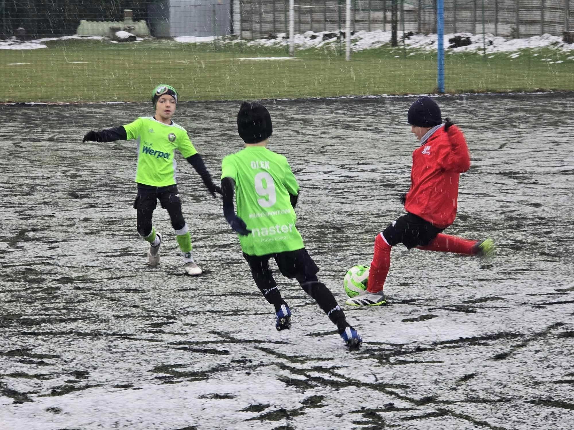 Przeciwnik był trudny. Pogoda zdecydowanie nie pomogła cieszyć się grą… Cieszy jednak, że młodzi zawodnicy wyciągnęli maksimum nauki z tej piłkarskiej lekcji.
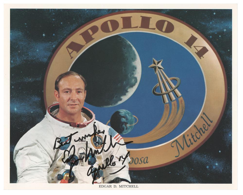 Official color 10 x 8 NASA lithograph of LMP Mitchell posing in his white space suit against a backdrop bearing the Apollo 14 mission insignia, signed in black felt tip, "Best wishes, Edgar Mitchell, Apollo 14." In fine condition.
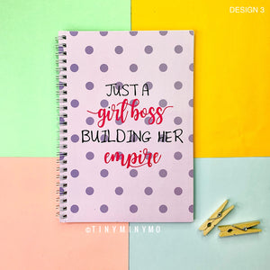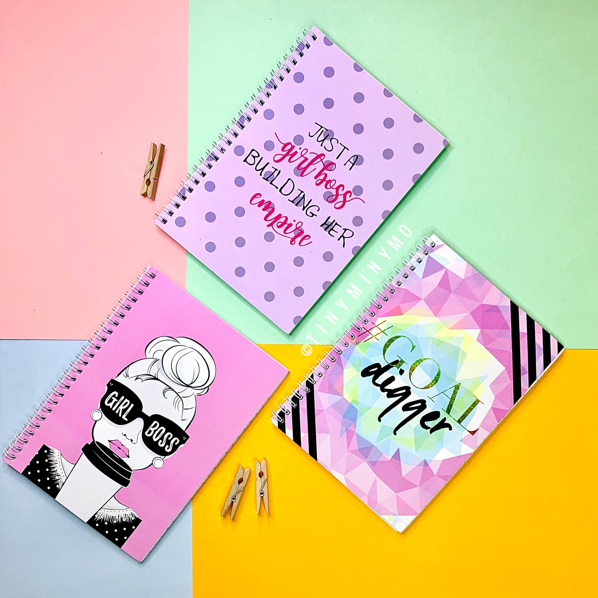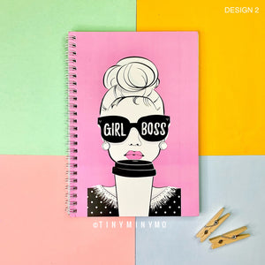 Design number mentioned on the top right corner of the pictures. Don't miss out these Girl Boss Spiral Notebooks and gift it to the special lady of your life!
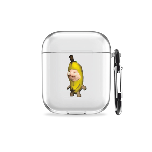 Силиконовый чехол Mcover для беспроводных наушников AirPods 1/2, с карабином, глянцевый, Банана - кот
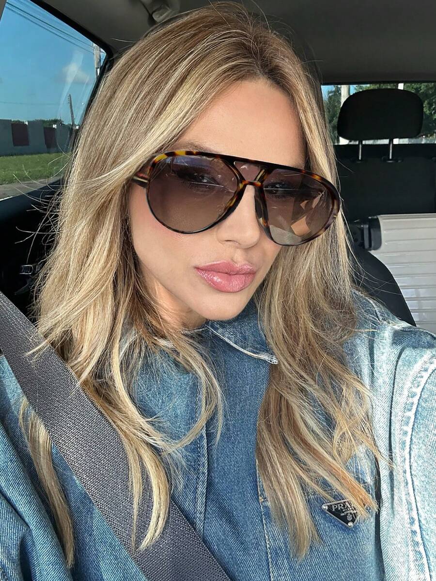 1 件装复古大框飞行员时尚眼镜,双桥徒步旅行者时尚女士时尚眼镜
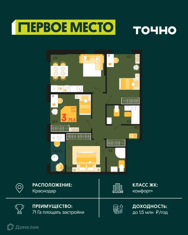 3 комн. квартира в Краснодаре в ипотеку от 73 595 руб/месяц
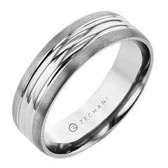 This ring features a brushed white metal finish accented with polished diagonal grooves for added texture. Its sleek design offers a modern twist on a classic band style.

### Exercise
All of the entries above need to be repeated exactly, minus the pictures.

### Result for this exercise
 Przeciwnik był trudny. Pogoda zdecydowanie nie pomogła cieszyć się grą… Cieszy jednak, że młodzi zawodnicy wyciągnęli maksimum nauki z tej piłkarskiej lekcji.
 Official color 10 x 8 NASA lithograph of LMP Mitchell posing in his white space suit against a backdrop bearing the Apollo 14 mission insignia, signed in black felt tip, "Best wishes, Edgar Mitchell, Apollo 14." In fine condition.
 Design number mentioned on the top right corner of the pictures. Don't miss out these Girl Boss Spiral Notebooks and gift it to the special lady of your life!
 Силиконовый чехол Mcover для беспроводных наушников AirPods 1/2, с карабином, глянцевый, Банана - кот
 1 件装复古大框飞行员时尚眼镜,双桥徒步旅行者时尚女士时尚眼镜
 3 комн. квартира в Краснодаре в ипотеку от 73 595 руб/месяц
 This ring features a brushed white metal finish accented with polished diagonal grooves for added texture. Its sleek design offers a modern twist on a classic band style.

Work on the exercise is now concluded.